CIPS News


Shortages to last for six more months warn supply chain managers

CIPS 20 December 2021

Supply chain disruption and the associated increase in prices is likely to last well into 2022.

  • The majority (71%) of UK supply chain managers experiencing disruption and shortages expect it to last for 6 months or more
  • Almost half (48%) of those impacted have increased prices as a result of disruption   
  • A third of supply chain managers in the UK who experienced disruption have brought production back to British shores as ties are cut with international suppliers

Supply chain disruption and the associated increase in prices is likely to last well into 2022, new research has found, as British businesses continue to grapple with the long-term impact of the COVID-19 pandemic on UK supply chains.

A survey of 228 UK supply chain managers by the Chartered Institute of Procurement & Supply (CIPS) found that 85% of all respondents had experienced supply chain disruption this year. These professionals expect the disruption to continue well into the new year, with nearly three quarters (71%) expecting their supply chain interruptions to last for 6 months or more. Over a third (36%) expect shortages to exceed 12 months*.

The research reveals the scale of the damage to UK businesses, with risk-laden supply chains setting off a chain reaction of shortages and interruptions. Of those who experienced disruption, nearly half (48%) had increased the cost of their products and 14% were forced to stop selling some products altogether.

These disordered supply chains have also caused significant financial issues for firms, with 91% of those experiencing disruption stating the shortages had put financial pressure on their organisation in the last year.

The impact of shortages on UK businesses

- Delivery delays 71%

- Forced to ovr order stock 49%

- Increased prices 48%

- Less time/emphasis spent on sustainability 34%

- Revised product offering 17%

Dr John Glen, Chief Economist, Chartered Institute of Procurement & Supply (CIPS), said:

“Many businesses may have had the end of supply shortages on their Christmas wish list, but it seems they will be left disappointed with supply chain disruption expected to continue well into 2022. The disruption of this year has highlighted how important smooth running supply chains are to the business community, the economy and the public. As supply chain managers continue to grapple with the magnitude of the challenges of the last year businesses and consumers alike should brace for increased prices and a lack of product choice for some months to come.”

Shortages causes businesses to look for more UK suppliers

A third of UK supply chain managers who experienced disruption have replaced some international suppliers with UK alternatives as a direct result of supply chain disruption, while a further 12% intend to but have not found any suitable UK replacement suppliers yet.

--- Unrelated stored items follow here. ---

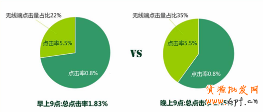 大家應該都知道無線端吧,無線端被炒得很熱,現(xiàn)在無線端的直通車點擊變得越來越多。你可以想象一下,在一天24小時之內哪個時間段無線端的點擊數(shù)量占比是最高的?沒有人早上或者下午上班的時候在那一個個寶貝去看,然后去下單什么的,很少對吧。到了晚上的時候他就開始了,他就拿著手機,拿著平板就開始逛淘寶了,所以這個時間它的占比是顯著的要提高的。可能上午九點無線端占比是22%,到晚上9點就變成了35%了。那另外一個事情是無線端的點擊率比電腦端PC端正常的點擊率要高5到8倍,這個是因為我看了眾多直通車的數(shù)據得出來的一個結論,一般是5到8倍這樣,當然也有更高的更低的,那意味著是什么?
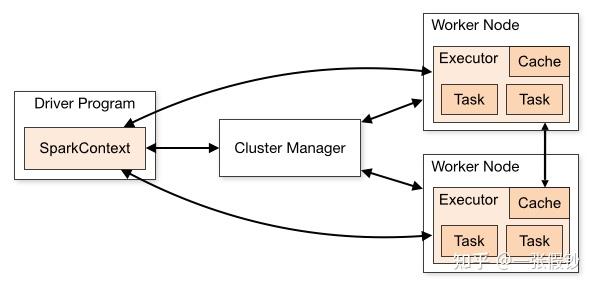 Spark架构 发表于 2025-10-28 分类于 大数据 , 分布式计算 阅读次数: Changyan: Spark架构非常简洁。简洁的架构是良好开放性、兼容性的基础。 驱动器(驱动进程):运行main()函数,负责三件事。 维护Spark应用程序相关信息 回应用户程序或输入 分析任务并分发给若干执行器处理 执行器:执行驱动器分配的实际计算工作,负责两件事。 执行驱动器分配的代码 报告执行器的计算状态给驱动器
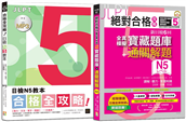 日檢N5教本及寶藏題庫高分合格暢銷套書:合格全攻略!日檢N5教本【聽力,文法,單字,閱讀】,一次通過+絕對合格攻略!新日檢6回全真模擬N5寶藏題庫+通關題解(16K+MP3)

Over 1 in 10 (15%) report that international suppliers had stopped working with them as a direct result of supply chain disruption, showing the shortening of supply chains is occurring in both directions.

Dr John Glen added:

“Many supply chain managers have turned to more local suppliers to adapt to these challenges, and while this may be a suitable solution for some, the unpredictable nature of supply chains means relying on a small pool of suppliers is always a dangerous game to play. Supply chain managers looking ahead to the new year should diversify their supply chain as much as possible and aim to build strong relationships with their existing suppliers to ensure they are in the best possible place to adapt to any future disruption.” 

*Throughout this release unless otherwise stated the data is a percentage of the 85% of respondents who had experienced supply chain disruption in the last year. For completeness, 60.25% of all respondents expect supply chain disruption to last six months or more.

About the survey 

These findings were drawn from a survey of 228 UK supply chain managers, 193 of which had experienced supply chain disruption. The survey ran from 18 November to 2 December 2021.